> **Work task**
What are the lines, word for word, from the line with "Dulapul metalic Geneva" up to and including the line with "1年生の給食当番を6年生が手" in the records below? Omit the pictures.

> **Information shown**

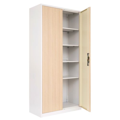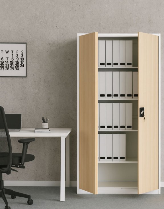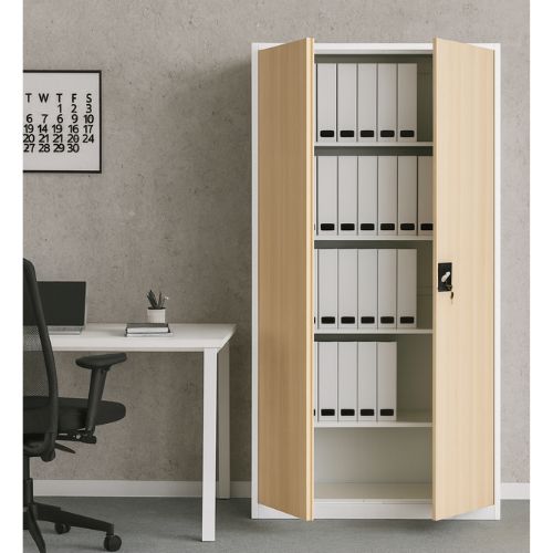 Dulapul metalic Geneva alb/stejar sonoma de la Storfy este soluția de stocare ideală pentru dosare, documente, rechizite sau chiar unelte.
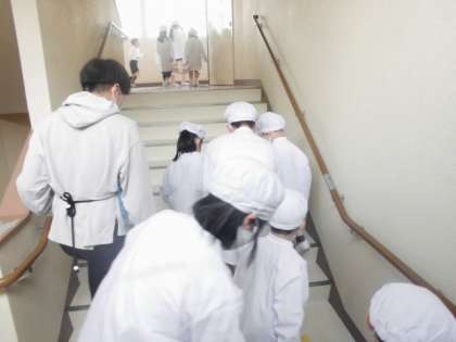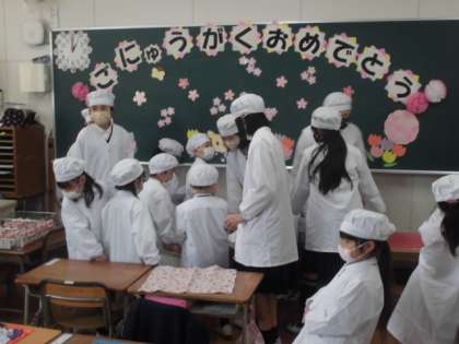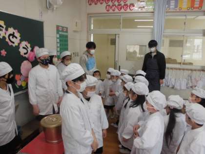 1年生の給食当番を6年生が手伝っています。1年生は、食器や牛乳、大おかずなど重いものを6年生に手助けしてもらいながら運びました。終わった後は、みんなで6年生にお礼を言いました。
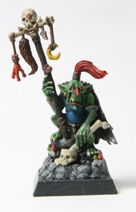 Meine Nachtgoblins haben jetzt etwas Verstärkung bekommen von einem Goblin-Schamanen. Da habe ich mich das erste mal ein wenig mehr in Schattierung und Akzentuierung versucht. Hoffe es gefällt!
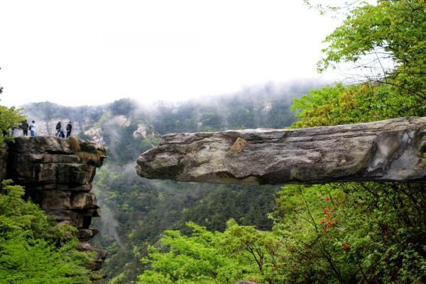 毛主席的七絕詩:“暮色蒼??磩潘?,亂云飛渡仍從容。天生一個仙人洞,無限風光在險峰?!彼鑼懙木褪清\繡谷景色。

...

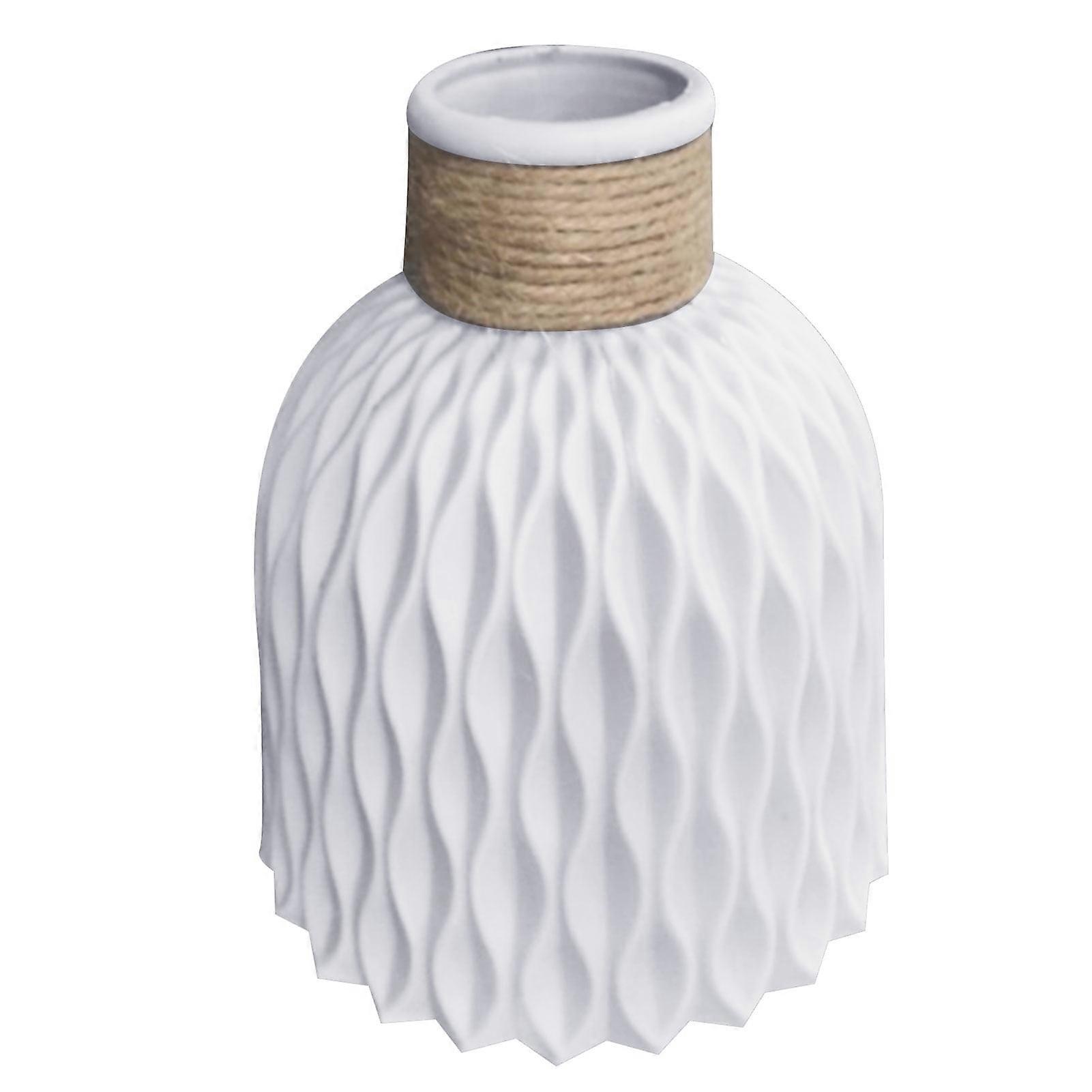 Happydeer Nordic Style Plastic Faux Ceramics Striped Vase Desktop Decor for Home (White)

> **Task solution**
 Dulapul metalic Geneva alb/stejar sonoma de la Storfy este soluția de stocare ideală pentru dosare, documente, rechizite sau chiar unelte.
 1年生の給食当番を6年生が手伝っています。1年生は、食器や牛乳、大おかずなど重いものを6年生に手助けしてもらいながら運びました。終わった後は、みんなで6年生にお礼を言いました。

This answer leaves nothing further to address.